García-Barrios Guillermo, Robles-Zazueta Carlos A, Montesinos-López Abelardo, Montesinos-López Osval A, Reynolds Matthew P, Dreisigacker Susanne, Carrillo-Salazar José A, Acevedo-Siaca Liana G, Guerra-Lugo Margarita, Thompson Gilberto, Pecina-Martínez José A, Crossa José
Graduate Program in Genetic Resources and Productivity, Colegio de Postgraduados, Texcoco, Estado de Mexico, Mexico.
International Maize and Wheat Improvement Center (CIMMYT), Texcoco, Estado de Mexico, Mexico.
Plant Genome. 2025 Sep;18(3):e70110. doi: 10.1002/tpg2.70110.
Genomic selection is an extension of marker-assisted selection by leveraging thousands of molecular markers distributed across the genome to capture the maximum possible proportion of the genetic variance underlying complex traits. In this study, genomic prediction models were developed by integrating phenological, physiological, and high-throughput phenotyping traits to predict grain yield in bread wheat (Triticum aestivum L.) under three environmental conditions: irrigation, drought stress, and terminal heat stress. Model performance was evaluated using both five-fold cross-validation and leave-one-environment-out (LOEO) schemes. Under five-fold cross-validation, the model incorporating vegetation indices derived from spectral datasets from the grain-filling phase achieved the highest accuracy. In LOEO validation, the model that included days to heading performed best under irrigation, whereas under drought stress, the model utilizing vegetation indices from the vegetative stage showed the highest accuracy. Under terminal heat stress, three models performed best: one incorporating genotype by environment interaction, one using vegetation indices during the vegetative stage, and one integrating spectral reflectance data from both the vegetative and grain-filling phases. Although incorporating multiple covariates can improve prediction accuracy or reduce the normalized root mean square error, using an extended model with all available covariates is not recommended due to the marginal predictive accuracy gains, increases in phenotyping, costs and complexity of data collection analysis.
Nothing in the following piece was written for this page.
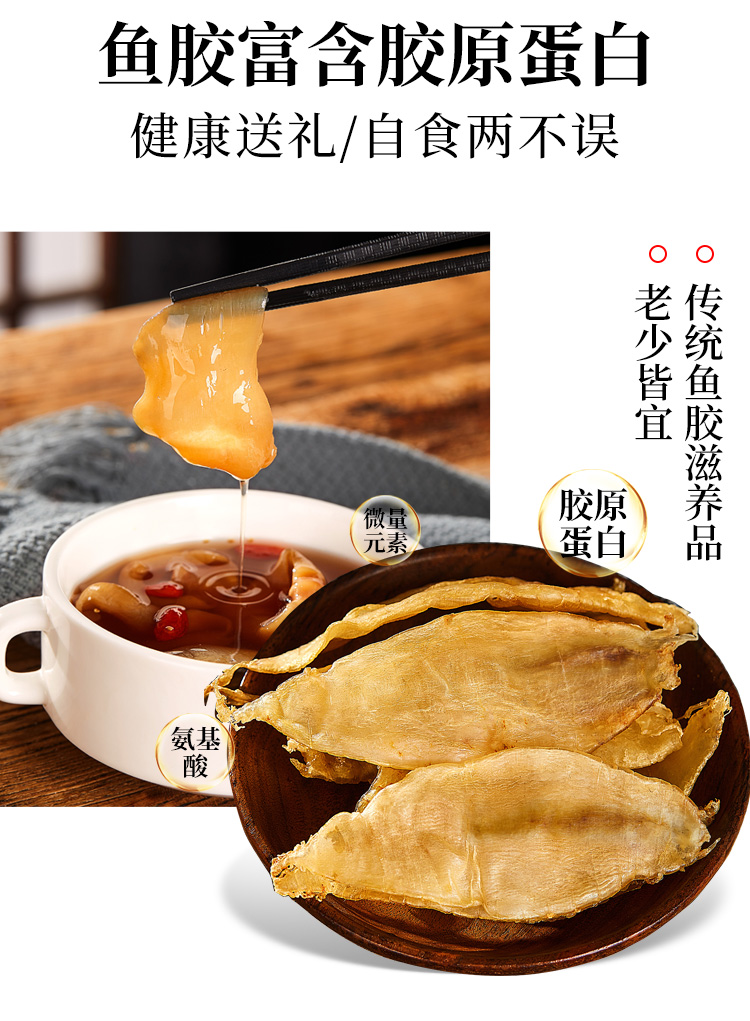 花膠即魚肚,是各類魚鰾的干制品,以富有膠質(zhì)而著名,故名為花膠?;z又名魚肚,是從魚腹中取出魚鰾,切開曬干后而成?;z含有豐富的蛋白質(zhì)、膠質(zhì)等,食療有滋陰養(yǎng)顏、固腎培精之效,可令人迅速消除疲勞。頂級魚肚排名依次是魚膠之王:金錢鳘魚膠、白花膠、黃鱘膠、黃花膠、鳘魚膠。花膠不僅是筵席名菜,還有相當(dāng)?shù)淖萄a(bǔ)價值。

Overall, our findings show the importance of tailored phenomic inputs to specific environmental contexts to optimize genomic prediction of wheat yield.
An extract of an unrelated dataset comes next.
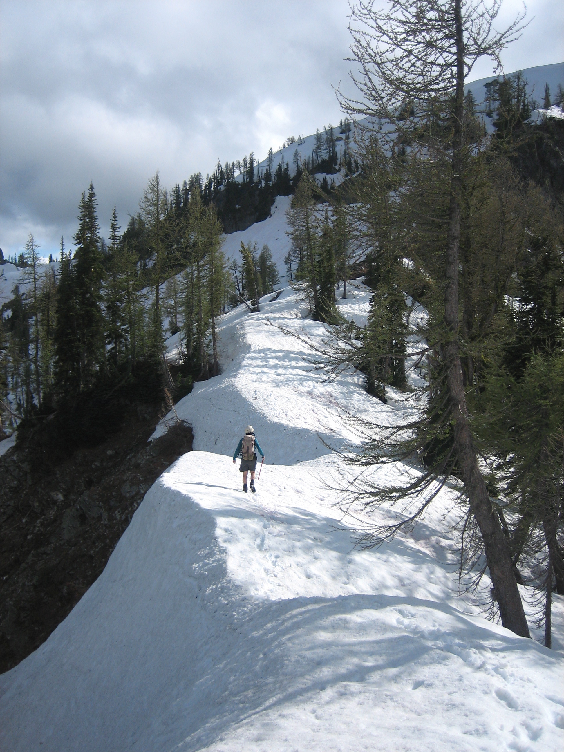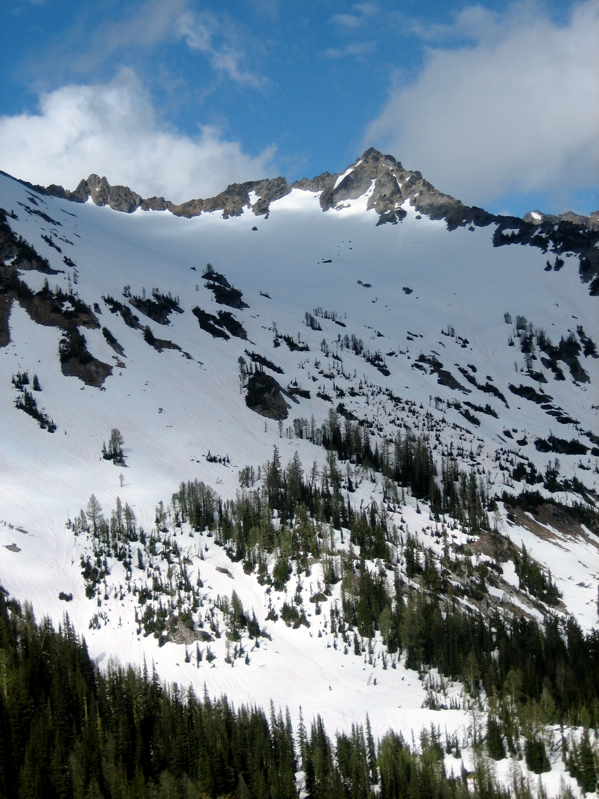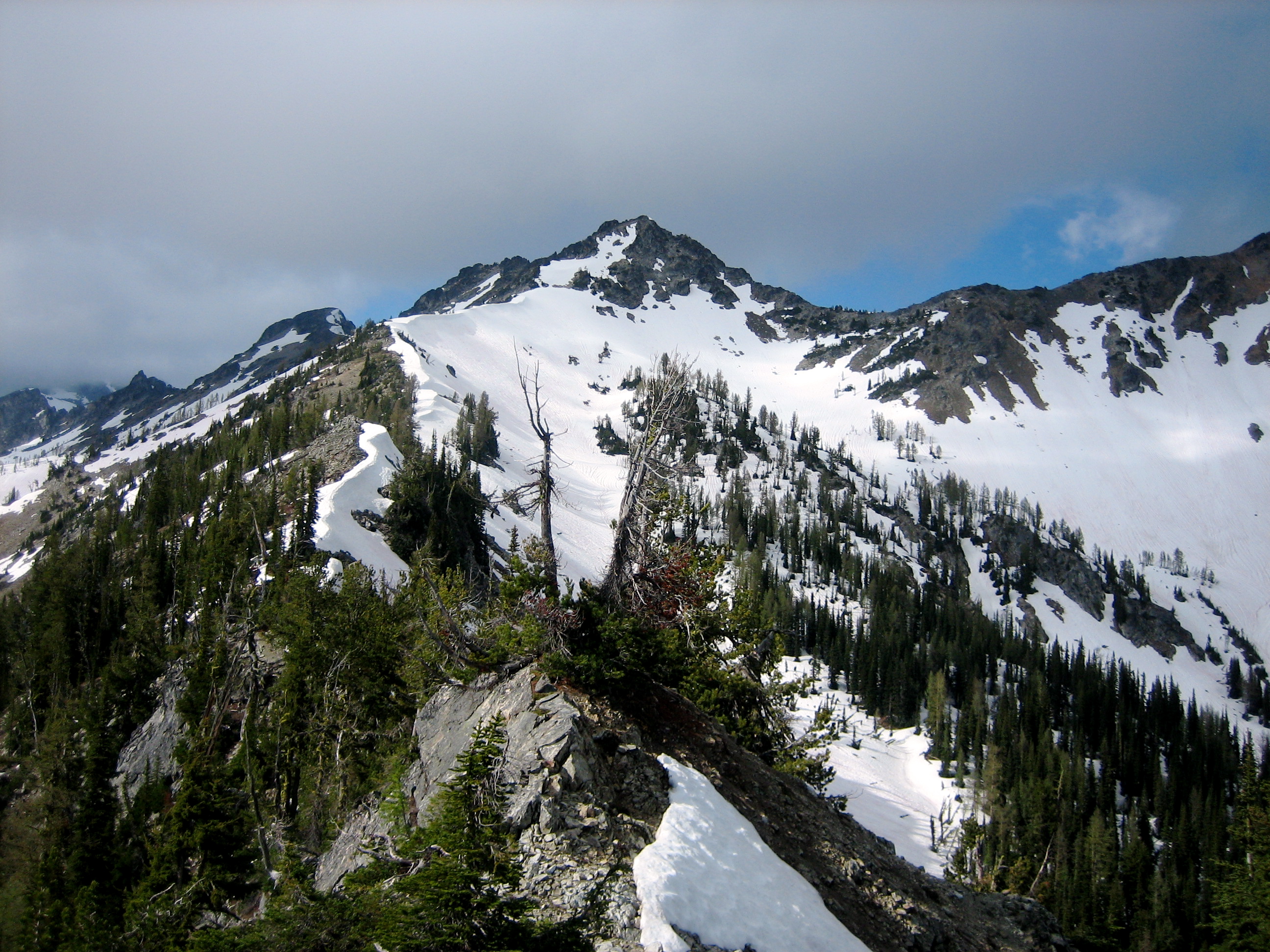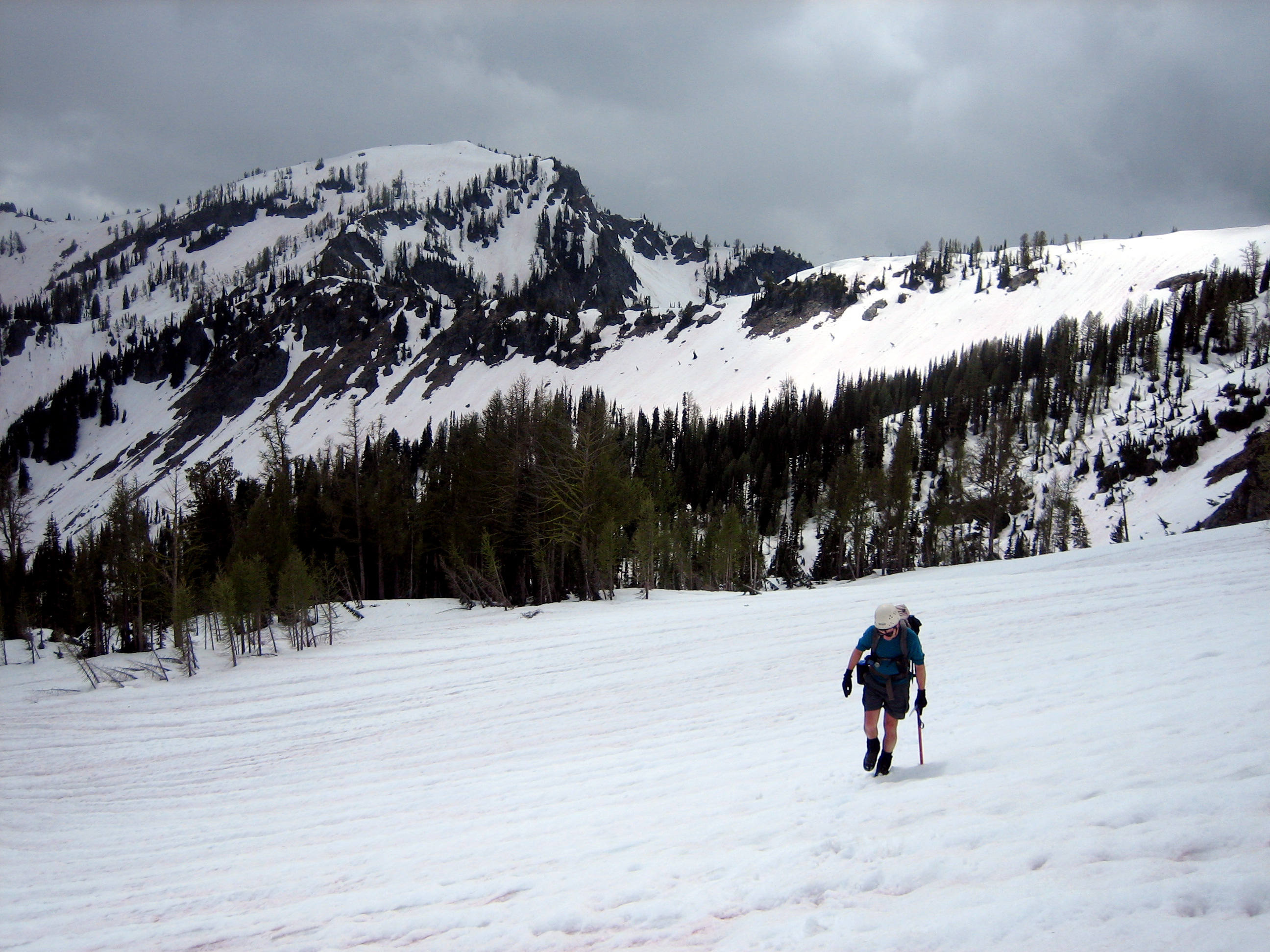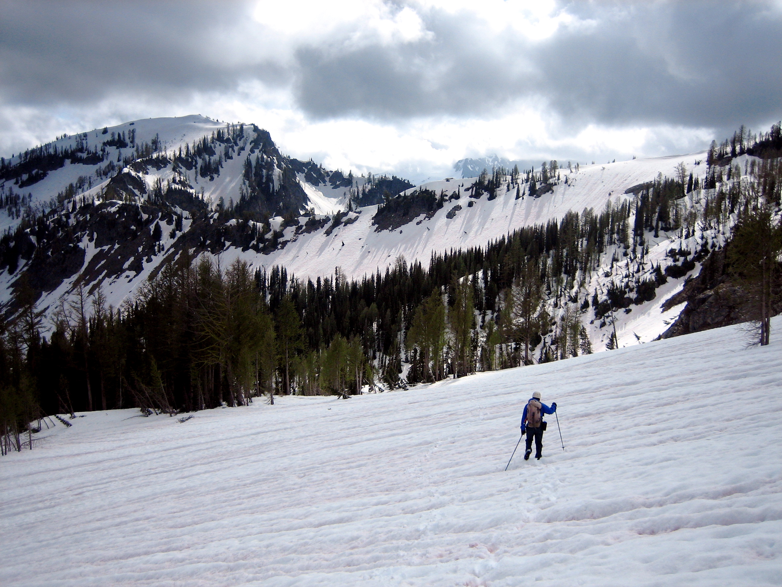 We hiked up the not-yet-logged-out Carne Mountain Trail, encountering a solid snowpack in Carne Basin. We continued over Carne Pass to Rock Creek Pass, dropped 100 feet towards the east, then kicked steps northeasterly up a wide-open snow basin.

基因组选择是标记辅助选择的一种扩展,它利用分布在基因组中的数千个分子标记,以捕获复杂性状潜在遗传变异的最大可能比例。在本研究中,通过整合物候、生理和高通量表型性状,开发了基因组预测模型,以预测面包小麦(Triticum aestivum L.)在三种环境条件下的籽粒产量:灌溉、干旱胁迫和拔节期高温胁迫。使用五折交叉验证和留一环境法(LOEO)方案评估模型性能。在五折交叉验证中,纳入灌浆期光谱数据集衍生植被指数的模型获得了最高精度。在LOEO验证中,包含抽穗天数的模型在灌溉条件下表现最佳,而在干旱胁迫下,利用营养生长期植被指数的模型显示出最高精度。在拔节期高温胁迫下,三个模型表现最佳:一个纳入基因型与环境互作,一个使用营养生长期的植被指数,一个整合营养期和灌浆期的光谱反射数据。虽然纳入多个协变量可以提高预测精度或降低归一化均方根误差,但由于边际预测精度提高、表型分析增加、成本上升以及数据收集分析的复杂性,不建议使用包含所有可用协变量的扩展模型。总体而言,我们的研究结果表明,针对特定环境背景定制表型组输入对于优化小麦产量的基因组预测至关重要。